The study of adversarial attacks on machine learning models has been extensively studied [1,2]. However, applying the insights gained from centralized model training to identify attacks and their remedies isn't a straightforward task in the context of federated machine learning. This challenge primarily stems from the unique nature of the federated learning process, where the aggregation step allows each client to contribute partially in each training round.

While studying this important topic, a significant aspect often gets overlooked: What constitutes realistic settings for designing an attack scenario? Recently, researchers at Google underscored that many studies on adversarial attacks frequently involve unrealistic settings [3]. For instance, attack scenarios that involve more than 20% of malicious clients are grounded in unrealistic settings. In such cases, the issue lies not within the federated training process itself but rather in the network or other infrastructure settings.

This is part 1 of the blog post series on attacks on federated machine learning and possible safeguard strategies. In this initial post, we'll delve into common attack types and introduce three well-known attacks in machine learning. Using a label-flipping attack as an example, we'll demonstrate its impact on the training process within federated settings. Stay tuned for future posts where we'll discuss additional attacks and mitigation strategies.  

Types of attacks

There are various ways in which the global model in federated settings can be poisoned, these methods can be categorized into Data Poisoning and Model Poisoning attacks. Both data and model poisoning attacks aim to decrease the final performance of the global model.

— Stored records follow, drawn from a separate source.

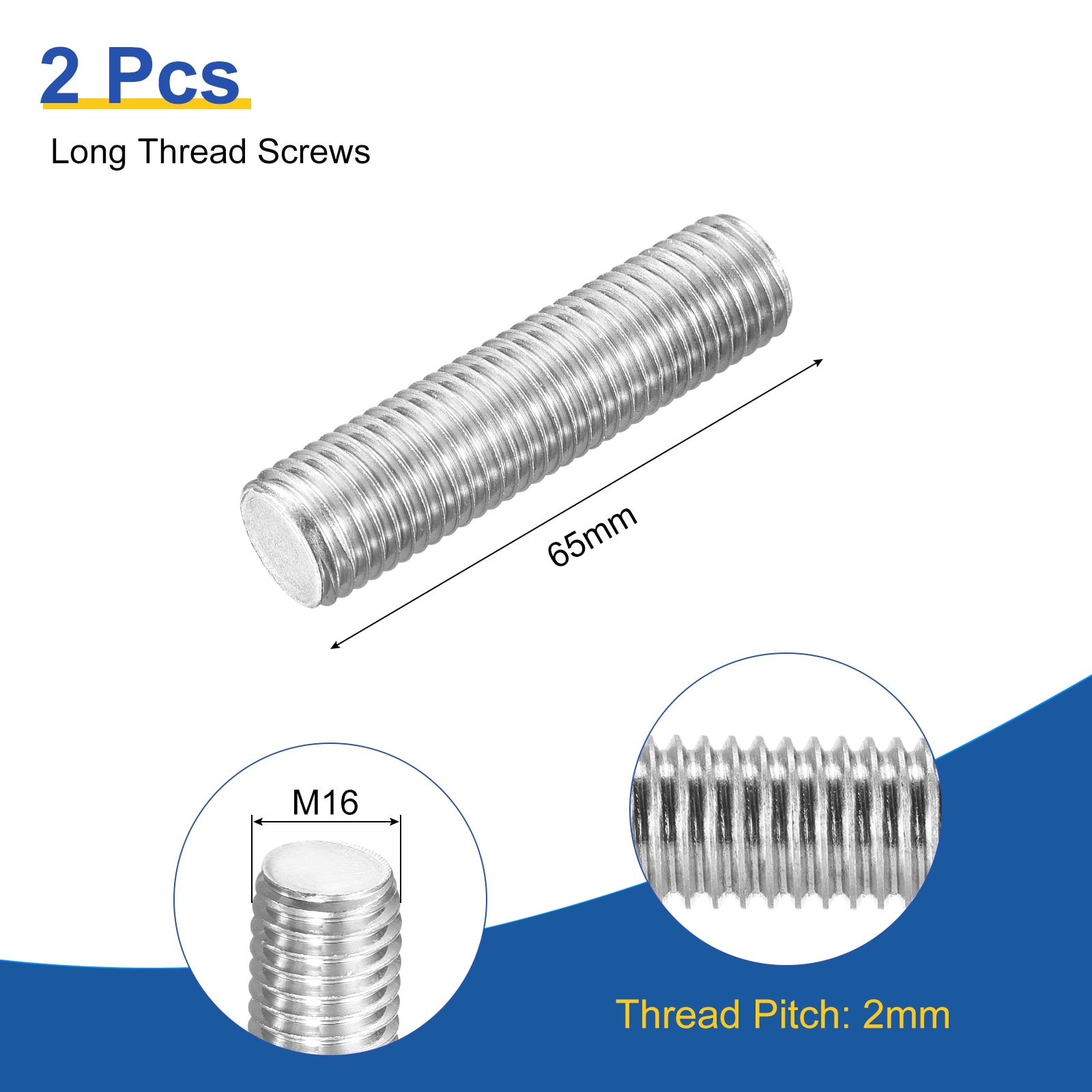 Fully All Threaded Rod, 316 Stainless Steel Long Threaded Screw Thread Pitch Right Hand Threads for Assembly Fastening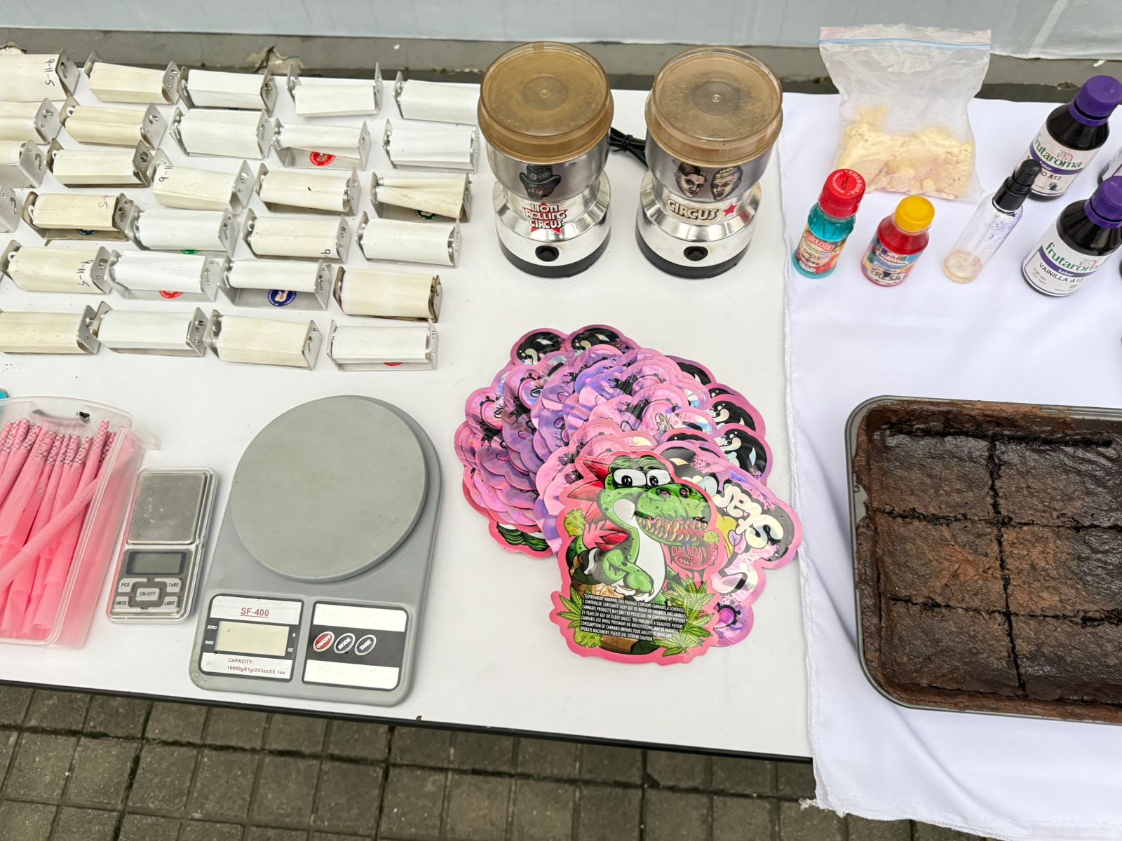 Durante la operación, las autoridades incautaron aproximadamente 400 dosis de sustancias alucinógenas, que incluyen marihuana exótica en presentación comestible, cocaína de alta pureza y anfetaminas, además de materiales empleados para la dosificación de las drogas.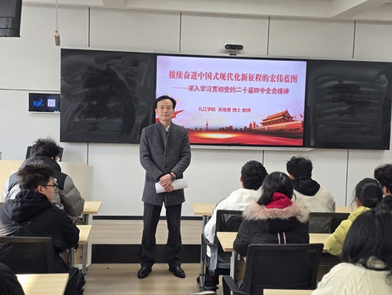 12月18日下午,校党委委员、副校长吴维勇教授走进yL23411永利集团计科A2553班课堂,为同学们带来了一堂题为《学习贯彻党的二十届四中全会精神,共绘中国式现代化新蓝图》的专题思政课。此次授课旨在引导青年学子深刻领会党的二十届四中全会精神,激发他们的时代使命感和社会责任感。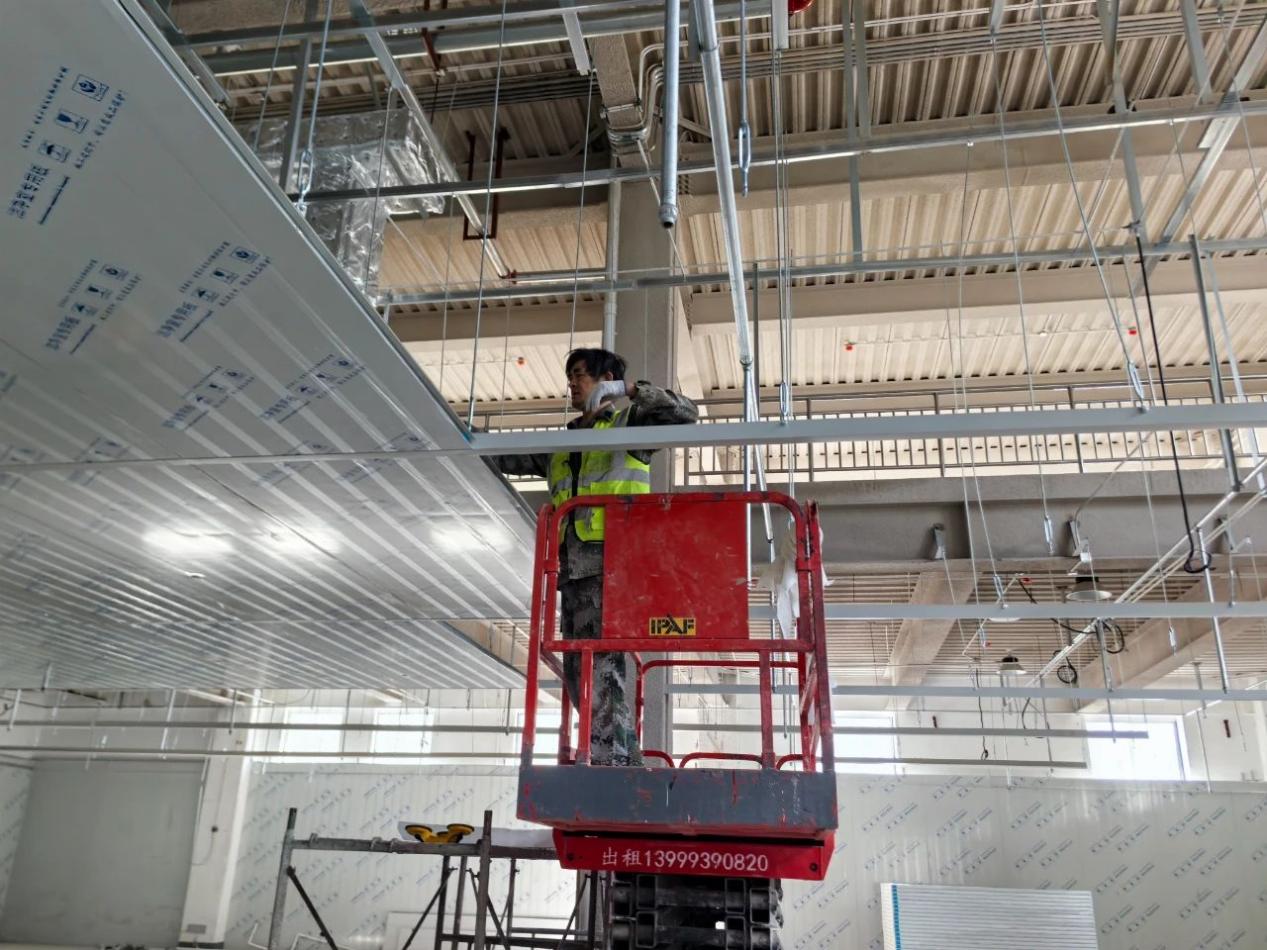 (新疆创曜辉新材料有限公司光伏膜生产线项目正在进行吊顶装修)

In Data Poisoning, the global model is influenced by directly manipulating the local training data on the individual client. Manipulating the training data can be done by switching the labels on the data or introducing noise to the input. On the other hand, in Model Poisoning, the client acts maliciously by directly manipulating the local model. Model poisoning can be executed by changing the weights or gradients of the local model.

Commonly known attacks

Here are three well-known attacks in the machine learning field. In this blog post, we'll dive into one of them – label-flipping attacks. We'll cover the other attacks in upcoming posts.

  1. Label flipping attack: A Label Flipping Attack is a type of data poisoning attack where the training data in one or many clients is manipulated. This means the attacker aims to perform a malignant update by deliberately mislabeling the training data. The simplest example of a poisoning attack by label flipping would be in a classification task, where all or targeted labels would be ”flipped” to the opposite one. 
  2. Gradiate divergence attack: A Gradient Attack is an attack where the clients are performing model poisoning by manipulating the gradients. For example, clients manipulate only the gradient’s magnitude when inflating gradients. 
  3. Backdoor attack: When performing a Backdoor Attack, the attacker introduces certain patterns or features in the training data. When this pattern or feature is present in new data, the attacker can influence which data will be classified to the targeted label. By implementing this attack locally, the idea is that the behavior will transfer to the global model when performing model updates.

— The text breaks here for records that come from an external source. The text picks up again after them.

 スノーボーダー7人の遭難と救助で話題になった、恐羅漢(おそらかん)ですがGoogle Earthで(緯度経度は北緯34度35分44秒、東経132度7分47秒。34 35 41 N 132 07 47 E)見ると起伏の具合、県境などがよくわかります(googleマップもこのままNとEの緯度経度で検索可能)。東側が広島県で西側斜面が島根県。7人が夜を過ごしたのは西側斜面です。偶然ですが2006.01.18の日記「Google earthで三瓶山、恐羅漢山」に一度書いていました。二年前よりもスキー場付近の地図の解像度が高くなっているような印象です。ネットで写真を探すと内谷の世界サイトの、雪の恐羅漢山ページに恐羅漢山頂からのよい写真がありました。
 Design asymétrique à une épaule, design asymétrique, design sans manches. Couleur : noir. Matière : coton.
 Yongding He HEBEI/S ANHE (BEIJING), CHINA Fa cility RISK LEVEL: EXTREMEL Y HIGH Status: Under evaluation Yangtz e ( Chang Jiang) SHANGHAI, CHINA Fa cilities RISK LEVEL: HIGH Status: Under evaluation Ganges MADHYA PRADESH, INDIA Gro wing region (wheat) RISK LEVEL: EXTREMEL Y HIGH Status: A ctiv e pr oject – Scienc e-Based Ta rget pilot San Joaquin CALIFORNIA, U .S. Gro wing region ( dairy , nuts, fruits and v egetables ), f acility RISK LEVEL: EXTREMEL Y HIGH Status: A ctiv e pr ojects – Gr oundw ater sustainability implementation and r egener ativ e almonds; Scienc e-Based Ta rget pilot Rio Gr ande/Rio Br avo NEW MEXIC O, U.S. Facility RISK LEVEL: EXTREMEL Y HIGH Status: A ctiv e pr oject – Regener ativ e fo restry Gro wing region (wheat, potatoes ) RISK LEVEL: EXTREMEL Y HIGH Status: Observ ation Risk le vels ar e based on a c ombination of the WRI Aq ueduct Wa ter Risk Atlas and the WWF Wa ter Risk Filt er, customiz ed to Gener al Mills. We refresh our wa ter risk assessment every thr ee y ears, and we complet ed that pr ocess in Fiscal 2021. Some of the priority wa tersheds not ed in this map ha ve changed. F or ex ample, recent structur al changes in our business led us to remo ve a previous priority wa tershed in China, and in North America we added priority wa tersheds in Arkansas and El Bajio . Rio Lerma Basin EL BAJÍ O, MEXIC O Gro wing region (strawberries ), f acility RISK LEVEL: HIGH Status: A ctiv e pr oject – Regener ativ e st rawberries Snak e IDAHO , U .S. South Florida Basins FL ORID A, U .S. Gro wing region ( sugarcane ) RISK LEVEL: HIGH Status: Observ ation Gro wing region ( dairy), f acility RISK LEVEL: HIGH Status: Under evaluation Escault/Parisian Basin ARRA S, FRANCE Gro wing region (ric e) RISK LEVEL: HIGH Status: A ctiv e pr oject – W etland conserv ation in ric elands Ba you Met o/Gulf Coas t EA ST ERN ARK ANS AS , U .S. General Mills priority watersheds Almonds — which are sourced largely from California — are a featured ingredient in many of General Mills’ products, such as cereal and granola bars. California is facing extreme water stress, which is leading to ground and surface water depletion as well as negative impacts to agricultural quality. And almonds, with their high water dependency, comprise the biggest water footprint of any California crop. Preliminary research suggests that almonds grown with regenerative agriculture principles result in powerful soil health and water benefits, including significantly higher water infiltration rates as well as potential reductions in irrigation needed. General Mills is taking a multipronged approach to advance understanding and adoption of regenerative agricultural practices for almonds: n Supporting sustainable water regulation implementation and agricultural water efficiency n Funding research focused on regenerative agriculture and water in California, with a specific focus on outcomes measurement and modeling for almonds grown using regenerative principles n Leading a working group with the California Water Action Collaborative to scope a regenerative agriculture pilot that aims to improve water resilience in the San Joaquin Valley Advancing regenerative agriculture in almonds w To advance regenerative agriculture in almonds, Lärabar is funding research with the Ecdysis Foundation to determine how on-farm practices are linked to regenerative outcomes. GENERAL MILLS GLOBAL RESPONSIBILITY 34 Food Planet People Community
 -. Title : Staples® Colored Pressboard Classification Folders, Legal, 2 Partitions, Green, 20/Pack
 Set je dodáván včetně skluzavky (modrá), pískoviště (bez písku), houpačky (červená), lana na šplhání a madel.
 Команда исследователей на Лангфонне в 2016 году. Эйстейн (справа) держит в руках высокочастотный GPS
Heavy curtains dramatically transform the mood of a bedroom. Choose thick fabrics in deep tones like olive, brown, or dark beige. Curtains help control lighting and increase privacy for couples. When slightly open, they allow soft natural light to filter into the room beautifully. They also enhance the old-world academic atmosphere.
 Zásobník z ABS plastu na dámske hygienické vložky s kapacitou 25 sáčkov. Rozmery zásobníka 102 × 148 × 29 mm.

Impact of label-flipping attack on federated learning training process 

Experiment settings

For our experiments, we used the MNIST handwritten dataset along with the published Convolutional Neural Network (CNN) [4], employing the PyTorch framework for the training process. We adhered to standard settings, where 60,000 samples were allocated for training and 10,000 samples for testing. Additionally, the dataset on each client side is balanced and Independent and Identically Distributed (IID). We employed the FEDn SDK for federated model training, with FedAVG serving as the model aggregation scheme.

In this experiment, we exclusively focused on an untargeted attack, where malicious clients flipped all the class labels on their side.

The primary metric for evaluating the impact of the attack was model accuracy. Our ongoing extended analysis will include additional measures and explore a variety of scenarios, incorporating cases of imbalance and non-IID datasets and a range of different attacks. 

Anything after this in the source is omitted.